Boston could be one of them if the statehouse clown car could find its clue sometime soon!
are you joking?
By anon
Tue, 01/03/2012 - 4:09pm
Funniest thing I've heard all day! You must not have had to rely on Chicago public transportation to get to work for several years. Glad you enjoyed your occasional trip up and down Michigan Ave., tourist.
Chicago has haters too
By Mark-
Tue, 01/03/2012 - 4:15pm
I'm sure if you rode the Chicago transit system, you'd find a lot to despise about that also. Also, their fares are already much higher than Boston's.
Pass the pain
By Kaz
Tue, 01/03/2012 - 2:12pm
Is it inherently necessary that the person running the MBTA advocate for passing the pain onto the public as opposed to openly advocating that the state fix its funding situation?
Is it because their ability to move up the ranks of state politics requires that they not tip the tea kettle of reality? The State House decided to put the MBTA on this crash course with its debt load by agreeing to completely asinine extrapolated budgetary numbers over 10 years ago now. They have not ONCE been forced to recognize the abject failure of their predecessors (unless you count last year's bailout from the sales tax increase that they paid the MBTA to close that "one time" budget hole). It's time for reality to be the key point here. It's time for the State House to revisit the stupidity that led the MBTA to want to jack up its fares while decreasing service.
I guess I can still maintain a little solace in the fact that we're grown up enough not to be blaming the Carmen's Union for the budget situation like other parts of this great nation of ours has done when public budgets don't line up with revenue. However, it won't matter how much they raise fares or cut service until they recognize WHY revenue isn't matching expenditure here. It's the most messed up funding situation of ANY public transit system in the US (as I recall from one analysis done about 2 years ago).
The legislature had better get the MBTA funding back on the right track and soon.
There Is Revenue Out There
By anon
Tue, 01/03/2012 - 2:33pm
There is plenty of revenue out there if the good people of MA would pay their fair share and the MA DOR would enforce the current laws on the books.
We have just finished a holiday season that saw a substantial increase in on-line shopping. You see the results of this with all the package deliveries in the weeks leading up to and the week after the holidays. Many of these purchases are not assessed a sales tax because the retailer does not have a presence in MA (Amazon is a great example of this). However, the MA purchaser is required to pay a Use Tax on their annual MA Form 1 when they file their income taxes. Conveniently enough, the Use Tax is 6.25% of the amount of the purchase not charged a sales tax, but would have been charged a sales tax if purchased in MA.
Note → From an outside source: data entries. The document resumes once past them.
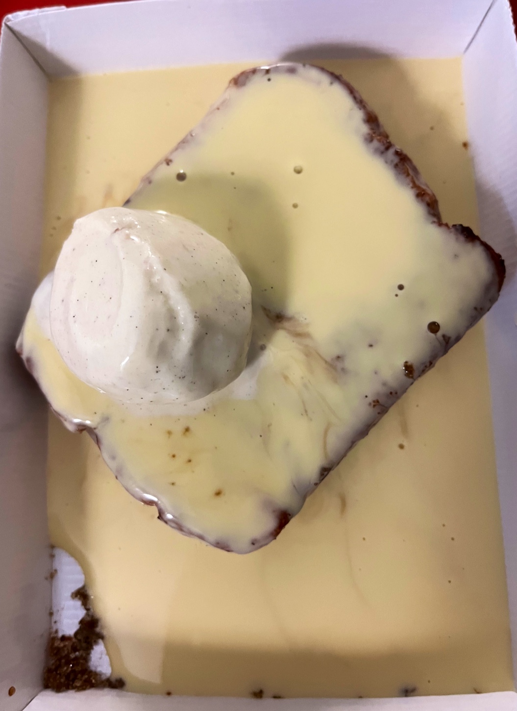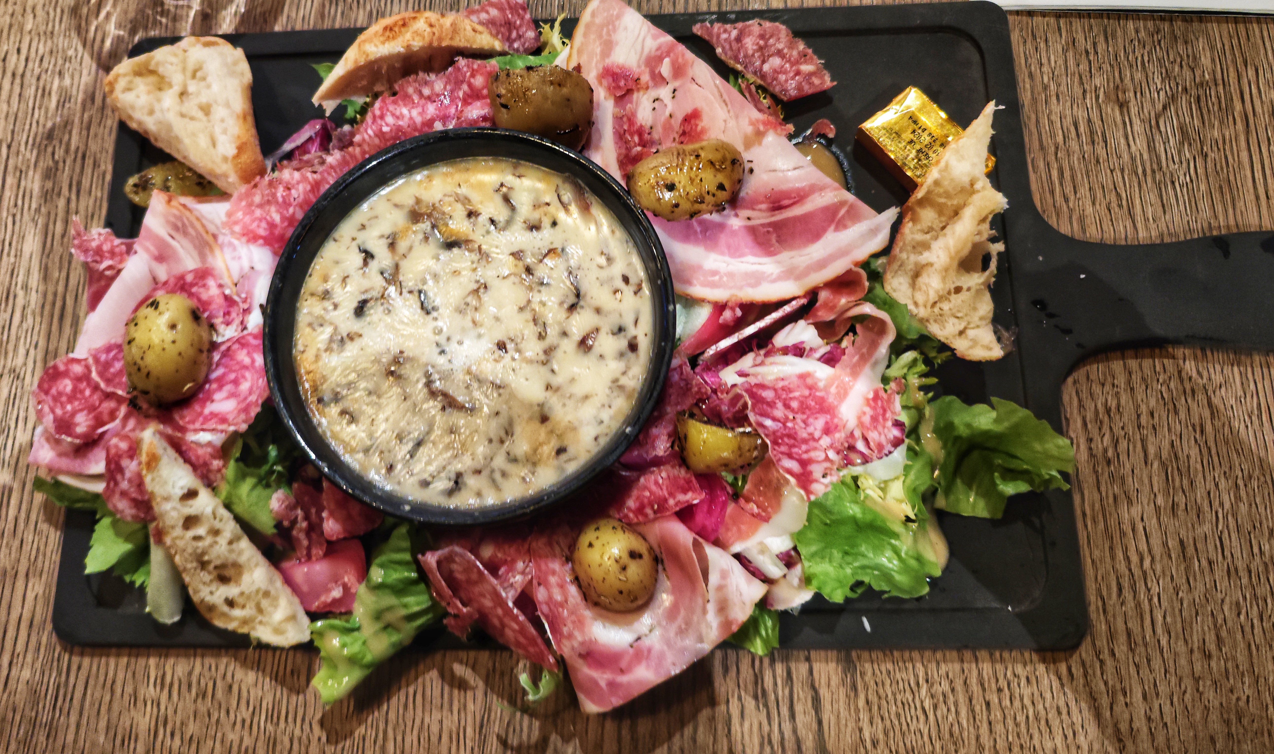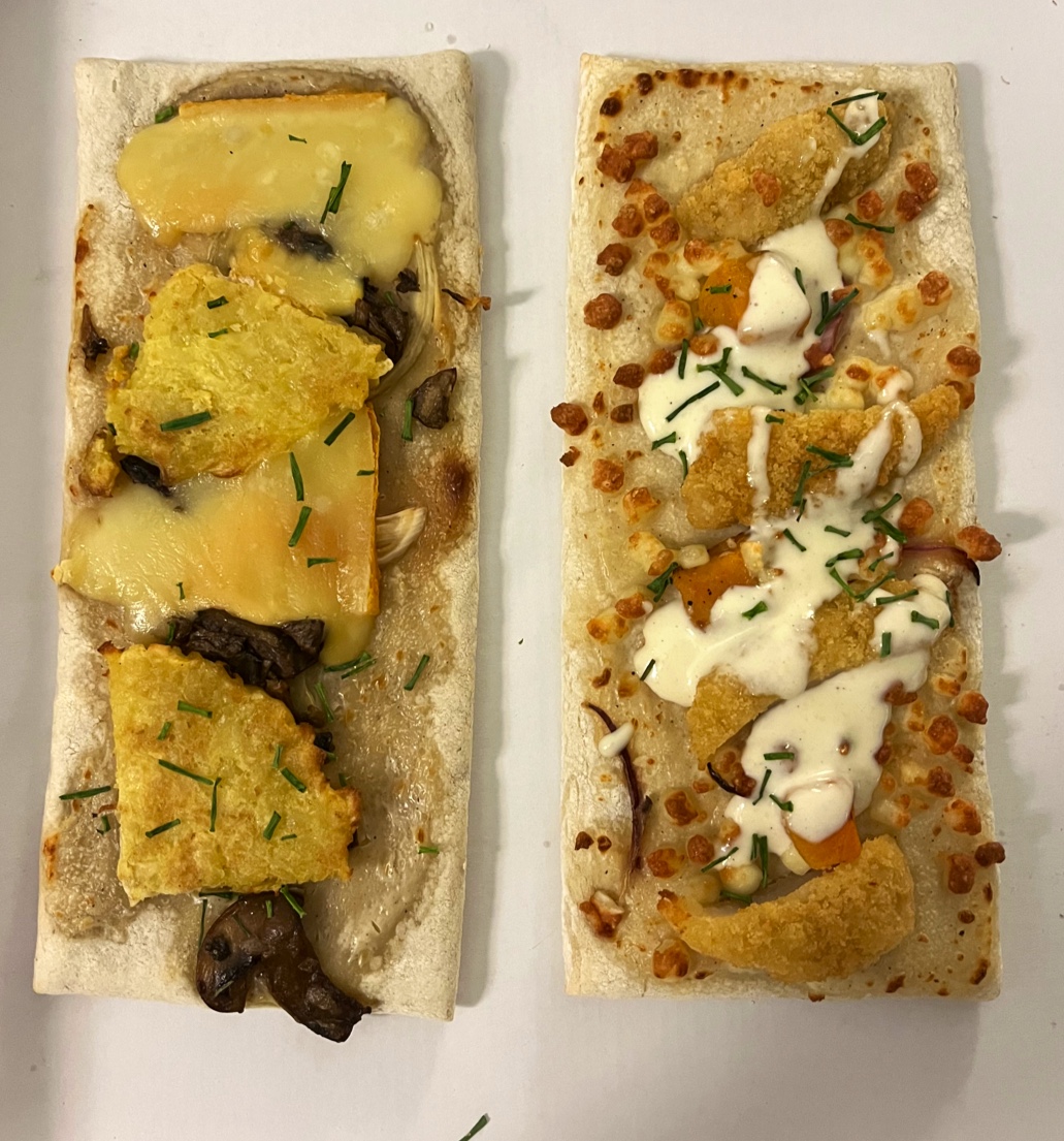J'ai commandé un duo tarti-flam Cesar et chèvre. La taille du produit était respectable et il était très savoureux. En outre, j'ai commandé une brioche façon pain perdu. Elle était accompagnée de crème vanille et de glace. C'était vraiment délicieux ! Je recommande vivement ce dessert.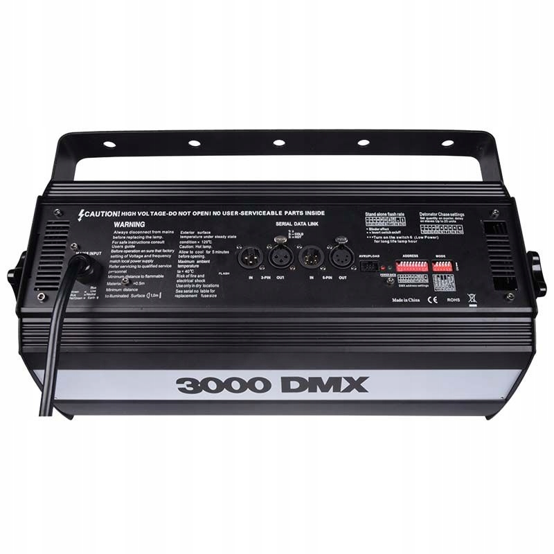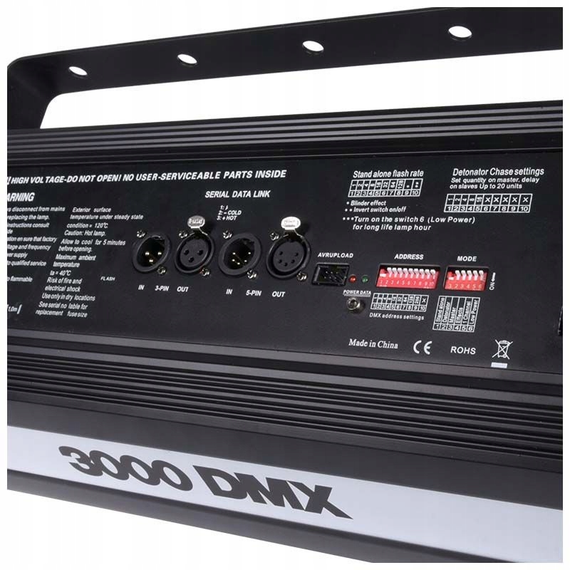 Стробоскоп Light4Me Strobe 3000W имеет прочный металлический корпус, устойчивый к высоким температурам, возникающим в результате работы лампы-вспышки, что гарантируетвысокую безопасностьпри использованиирефлектора. б>. ✅ Удобство использования обеспечивается 3- и 5-контактными разъемами XLR, позволяющими управлять работой стробоскопической горелки по протоколу DMX. , а также удобные в использовании переключатели dip-переключатели , позволяющие вручную управлять агрегатом, его адресацией и выбором режима работы. В режиме DMX в нашем распоряжении есть 3 или 4 канала, отвечающих, среди прочего: для частоты мигания и продолжительности одной вспышки. Благодаря этому мы легко можем создать эффект рамки изображения на дискотеке или на техновечеринке или на бурных вспышках в бурных вспышках b>кинотеатр или киносъемочная площадка (функция Случайная). Программируемые возможности рефлектора дополнительно развиваются за счет 6-контактного разъема AVR.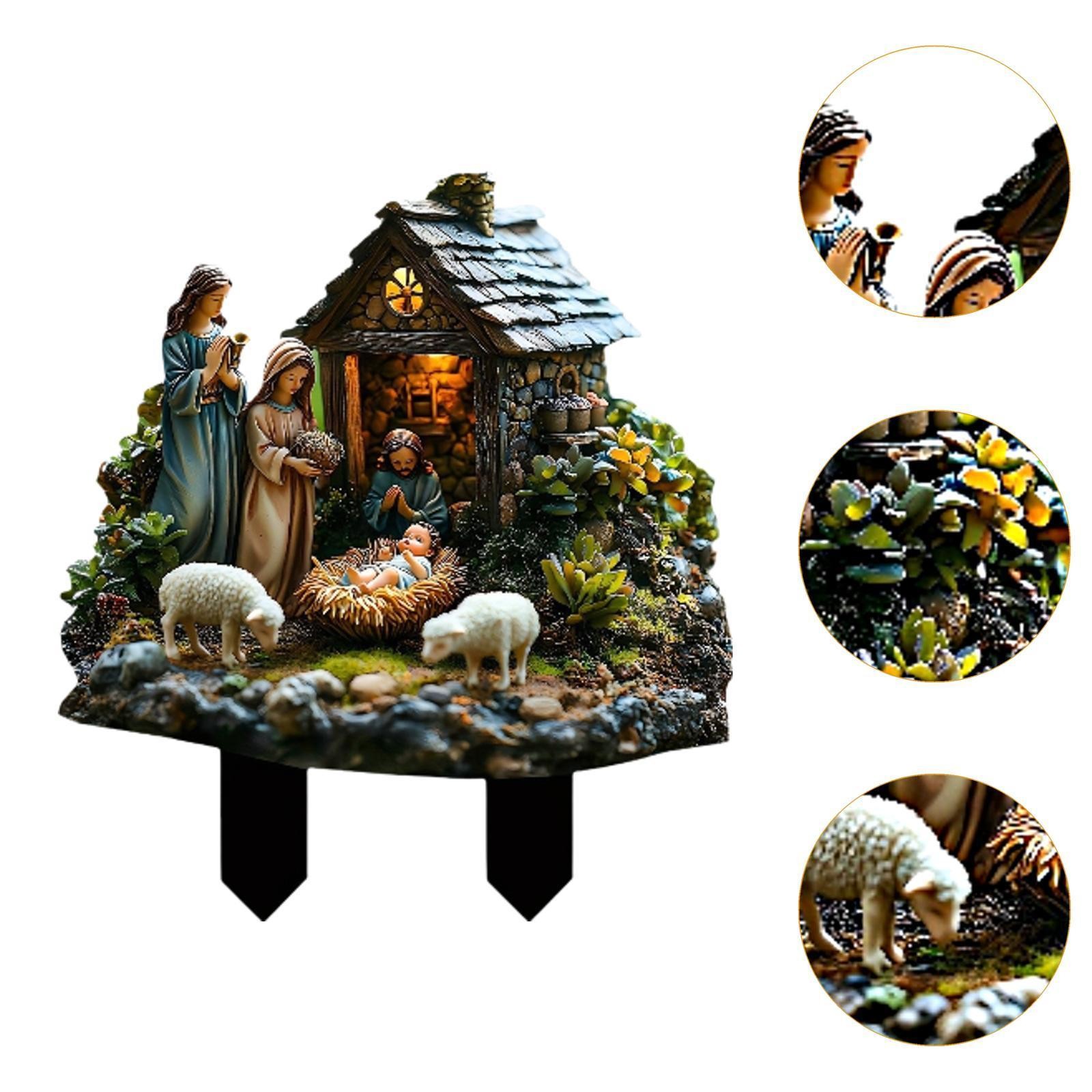 Nativity Scene Christmas Decoration Yard Sign Stakes Lawn Outside Landscape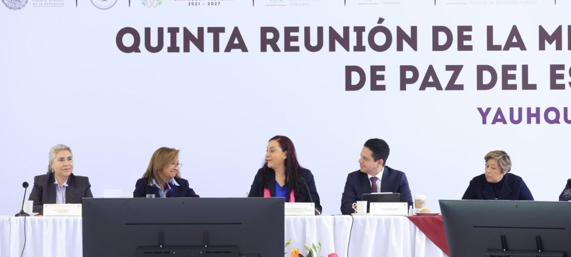 La gobernadora Lorena Cuéllar Cisneros encabezó este viernes la quinta reunión de la Mesa Interregional de Paz en Tlaxcala, en la que participó Martha Beatriz López López, representante de la Secretaría de Seguridad y Protección Ciudadana federal (SSPC), integrantes del gabinete de seguridad estatal y los 60 presidentes municipales.

The amount of revenue lost is staggering, over $200 million a year is unpaid.
How about everyone agree to pay their fair share when filing their income tax return this year and we will have more than enough to cover the MBTA shortfall.
Public response period
By Kaz
Tue, 01/03/2012 - 2:43pm
The MBTA is accepting public comments electronically at fareproposal(.at.)mbta.com.
Here's what I sent to them:
To whom it may concern:
It doesn't matter if you boost fares through the roof or cut all of your service. Both are small bandages on the wound of "Forward Funding" that the state legislature has hobbled the Authority with since 2000. Until this becomes the talking point, all increased fares and reduced service do are pass the pain onto the portion of the public that cannot afford to bear that burden these days. The MBTA will continue to fail gradually...and then suddenly.
The public MUST be rallied to understand that it needs to pressure the State House to fix the Authority's funding situation and return the debt load back into the state's more capable hands and off of the MBTA's books. The extrapolated rate of state sales tax presented in 2000 was a pipe dream (and not even a very realistic one at the time even). The fact that this has essentially remained unvisited by the legislature is one of the greatest failures of our state's government over the past 10 years.
The public, especially those outside of the MBTA service area, are never going to be made aware of the reality of how badly "Forward Funding" and the Big Dig debt transfer from the 2000 legislation without the Authority being the ones to bring these facts to light themselves. It's time for the MBTA to stop acting as if it's going to fund-raise its way out of its financial situation. No amount of abusing patrons with advertising, robbing the average person's wallet for fare money, or deleting much-needed services is going to do anything other than make the system solvent for a meaningless amount of time further until the next time these same bells are rung for the following year. You are patching one hole and should be fully capable of realizing there are more holes coming sooner rather than later.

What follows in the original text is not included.